→ PROBLEM TO WORK ON: Reproduce every line of the material below exactly. No pictures belong in the copy.

→ DATA SECTION:
::::::::::
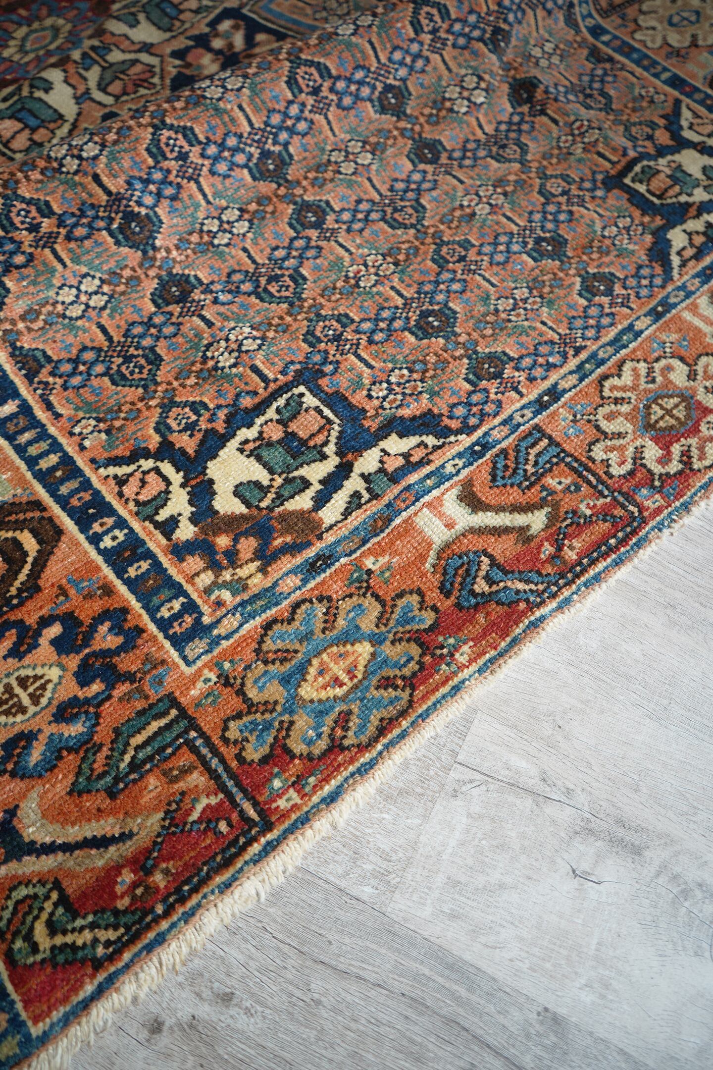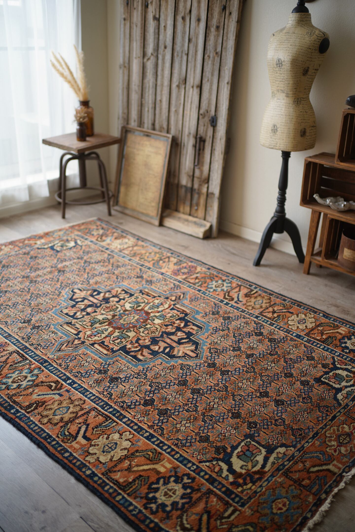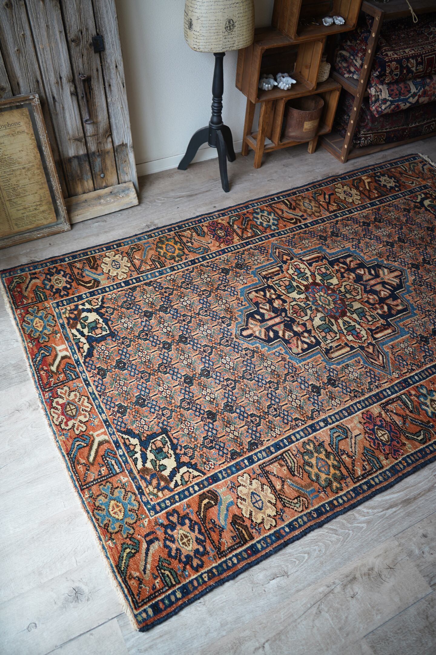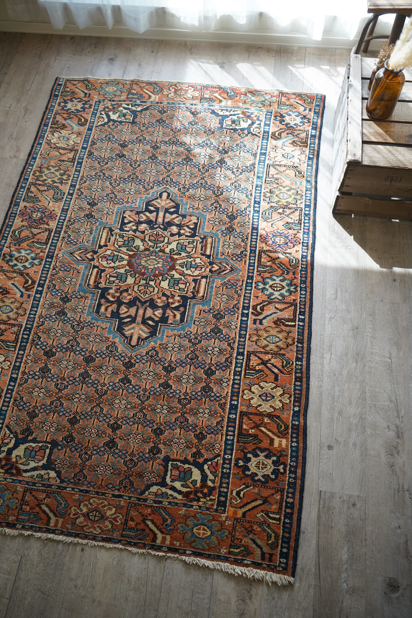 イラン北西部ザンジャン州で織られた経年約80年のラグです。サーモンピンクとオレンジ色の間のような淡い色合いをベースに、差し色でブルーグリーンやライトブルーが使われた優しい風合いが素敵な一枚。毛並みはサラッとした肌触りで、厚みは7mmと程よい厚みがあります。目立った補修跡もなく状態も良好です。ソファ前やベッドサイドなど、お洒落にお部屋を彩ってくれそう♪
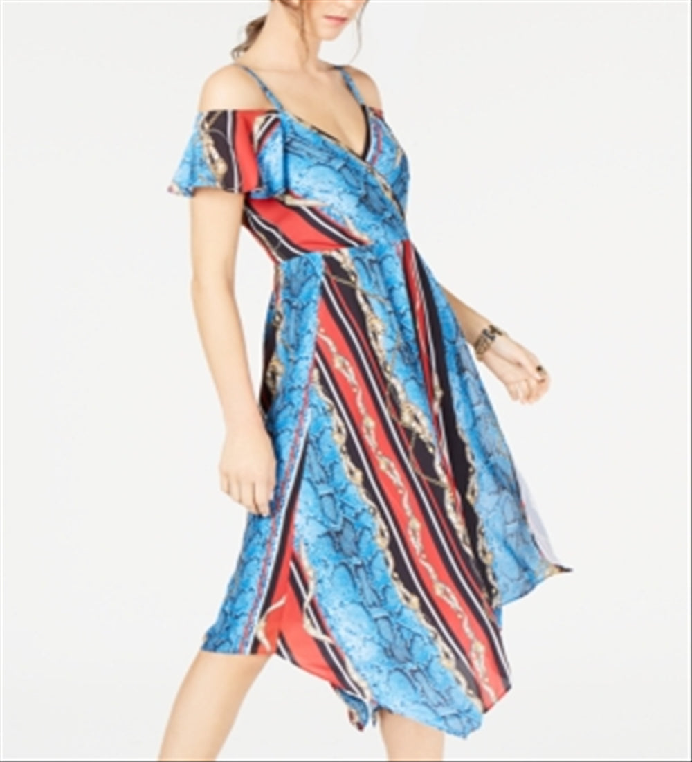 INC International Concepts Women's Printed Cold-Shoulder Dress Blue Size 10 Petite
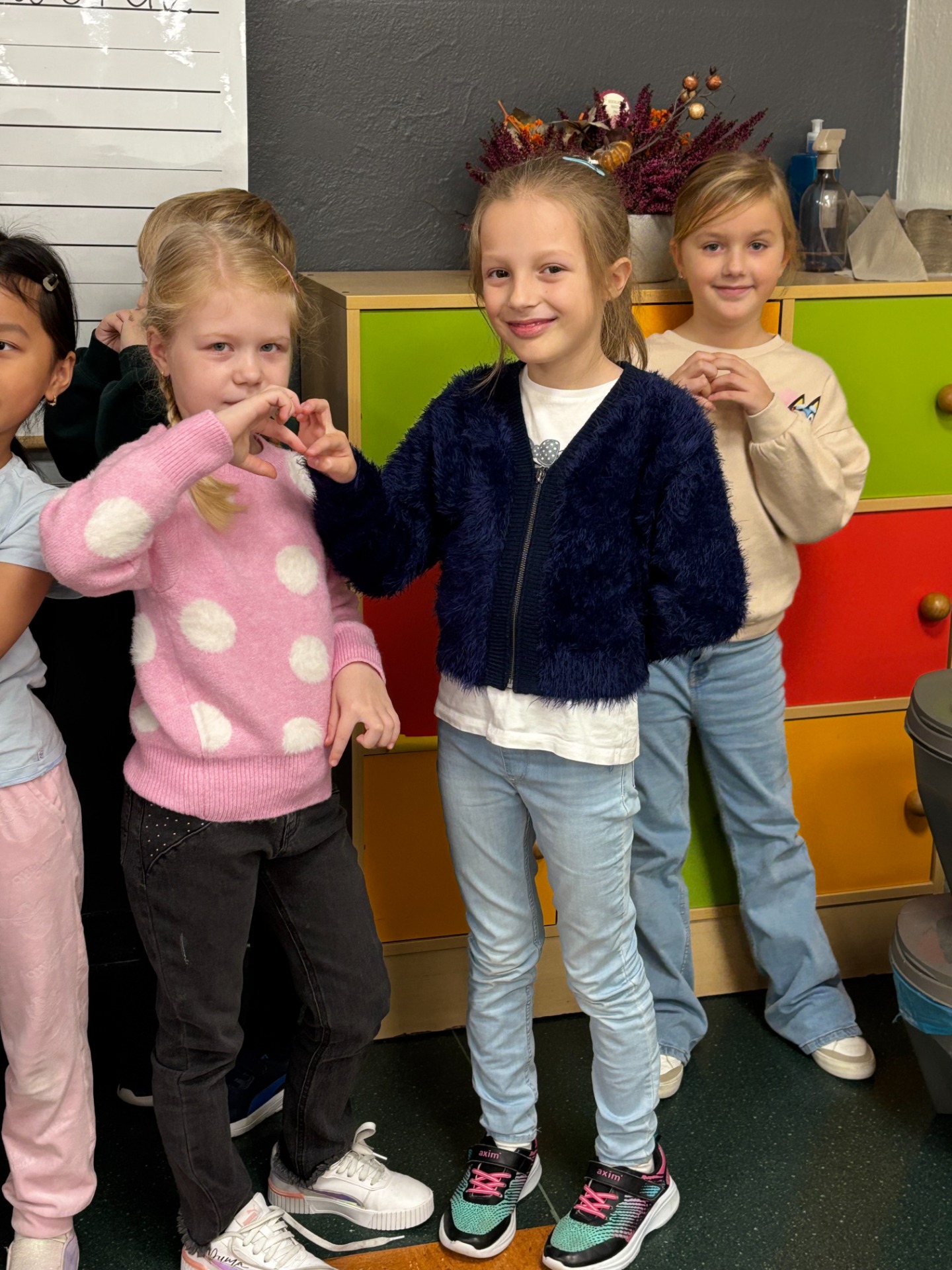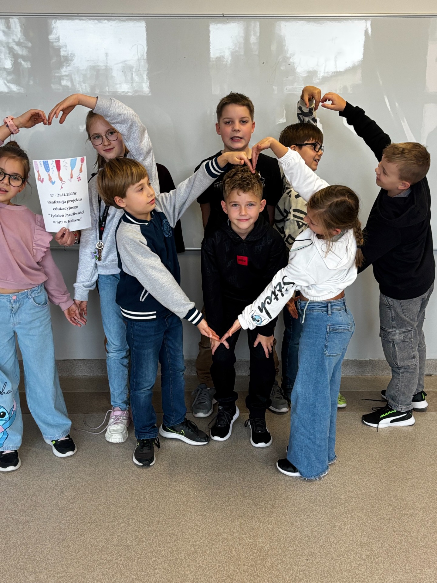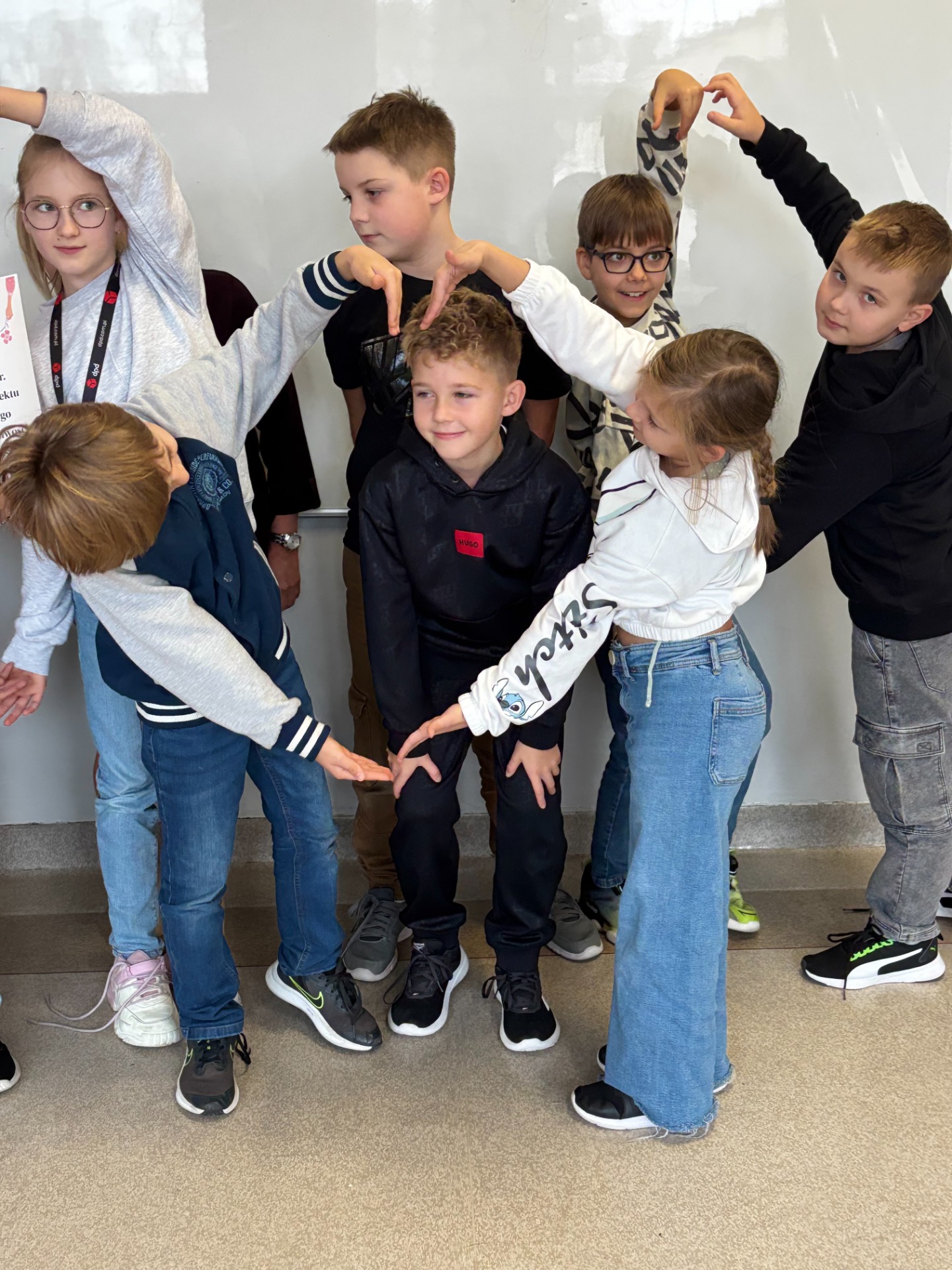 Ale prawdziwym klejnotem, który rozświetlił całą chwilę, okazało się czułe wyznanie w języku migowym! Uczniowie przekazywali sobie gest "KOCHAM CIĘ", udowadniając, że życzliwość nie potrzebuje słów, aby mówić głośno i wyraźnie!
::::::::::
→ TASK OUTPUT:
 イラン北西部ザンジャン州で織られた経年約80年のラグです。サーモンピンクとオレンジ色の間のような淡い色合いをベースに、差し色でブルーグリーンやライトブルーが使われた優しい風合いが素敵な一枚。毛並みはサラッとした肌触りで、厚みは7mmと程よい厚みがあります。目立った補修跡もなく状態も良好です。ソファ前やベッドサイドなど、お洒落にお部屋を彩ってくれそう♪
 INC International Concepts Women's Printed Cold-Shoulder Dress Blue Size 10 Petite
 Ale prawdziwym klejnotem, który rozświetlił całą chwilę, okazało się czułe wyznanie w języku migowym! Uczniowie przekazywali sobie gest "KOCHAM CIĘ", udowadniając, że życzliwość nie potrzebuje słów, aby mówić głośno i wyraźnie!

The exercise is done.